Advance with MUSC Health

New Center for Eosinophilic Disorders

Matthew Greseth
January 08, 2024
Bradshaw plays with mini toy trains.

Welcoming a new baby into the world can be a stressful endeavor and sometimes lead to new challenges. For David and Rosie Dawson, one of those challenges was unexpected – their son, Bradshaw, had difficulty feeding.

Rosie's pregnancy and birth were normal, but when Bradshaw was a few weeks old, he began frequently spitting up. This raised alarm bells for the Dawsons. They went to see their pediatrician who thought that Bradshaw might be experiencing a severe case of acid reflux, causing his esophagus to be inflamed, and was prescribed an antacid.
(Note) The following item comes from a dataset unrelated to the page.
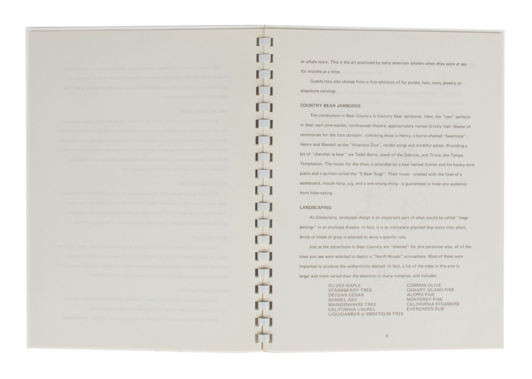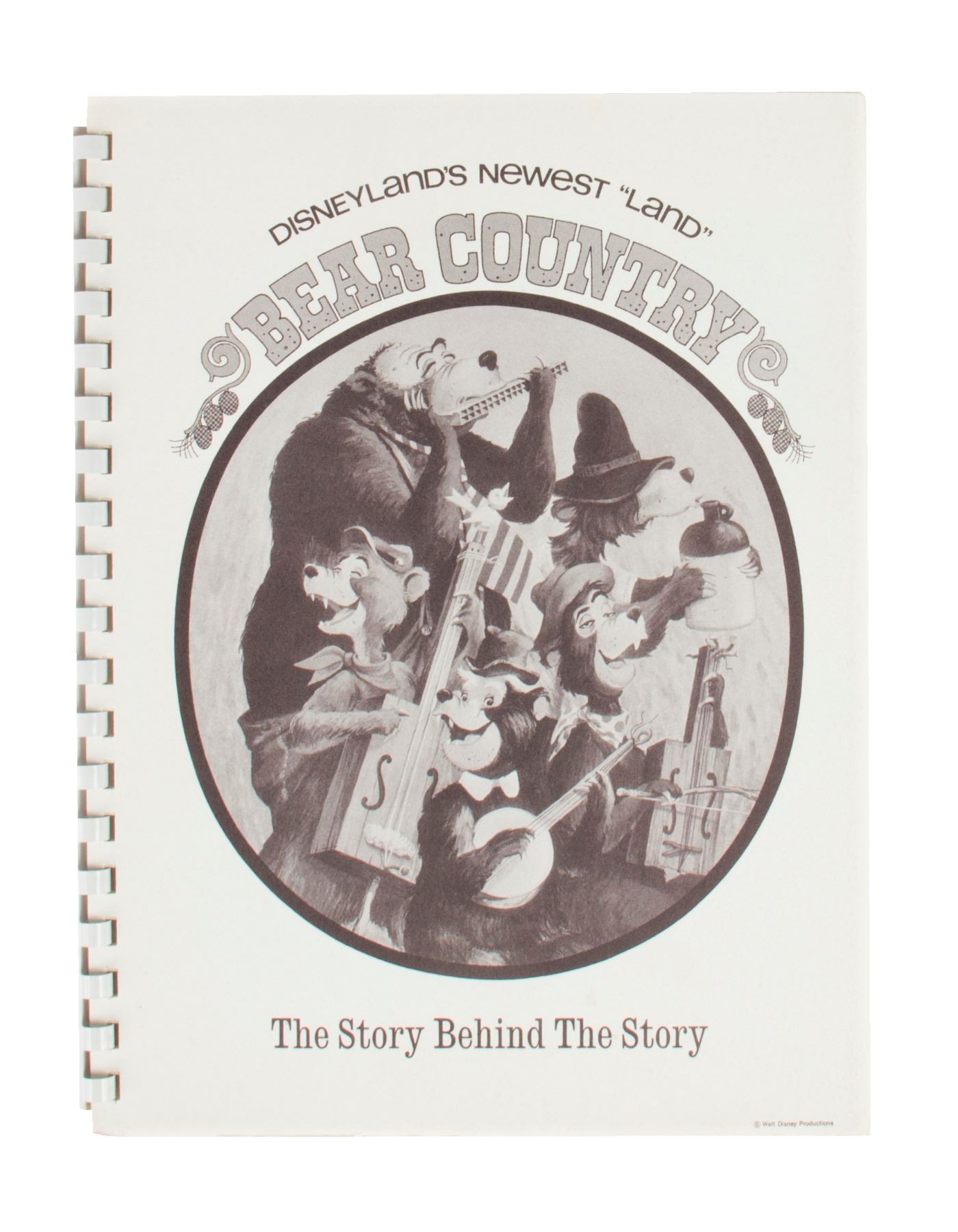 (Disneyland, 1972) A very rare cast member manual for Bear Country at Disneyland. Bear Country, and it's main attraction "Country Bear Jamboree", opened in Disneyland in 1972 after the success of the attraction at Walt Disney World. This manual was created to familiarize cast members working the Bear Country area with the new show as well as features of Disneyland's newest land. The 14-page manual measures 11.25"x8.5" and is in very good condition with minor wear.

But the medication failed to relieve Bradshaw's symptoms.

Over the next year, the Dawsons went through extensive testing to try to identify the cause of Bradshaw's symptoms: Rosie removed dairy from her diet to limit his exposure to potential allergens. Bradshaw saw an allergist to determine if any potential environmental allergens were causing his symptoms and was referred to a gastroenterologist who performed an endoscopy, a procedure that allows doctors to visualize the esophagus, which showed continued inflammation.

Ultimately, Bradshaw was placed on a severely restrictive diet that prevented him from eating any proteins. This was difficult for him because he enjoyed nothing better than a good omelet, and he could no longer eat eggs.

However, none of these interventions reduced the inflammation in Bradshaw's esophagus.

"It was a traumatic year," said David Dawson. "He was doing well, but he wasn't thriving."

A "New" Esophageal Disorder

Last year, MUSC Children's Health started a clinic, MUSC Children's Center for Eosinophilic Disorders, dedicated to eosinophilic gastrointestinal diseases – a group of chronic intestinal diseases that are characterized by gastrointestinal symptoms caused by a subset of overactive immune cells called eosinophils. Benjamin Kuhn, D.O., leads the center and treats patients from across the region, including South Carolina, North Carolina, Georgia, and Tennessee.

Kuhn is division chief of Pediatric Gastroenterology with a specialty in allergic gastrointestinal conditions. His expertise is in treating eosinophilic esophagitis (EoE), which is an autoimmune disorder that causes inflammation of the esophagus.

"This condition is present in 1 out of 2,000 people, whether they know it or not," explained Kuhn. "It's not that uncommon, and we are identifying new cases at a faster rate because we've become aware of the condition over time."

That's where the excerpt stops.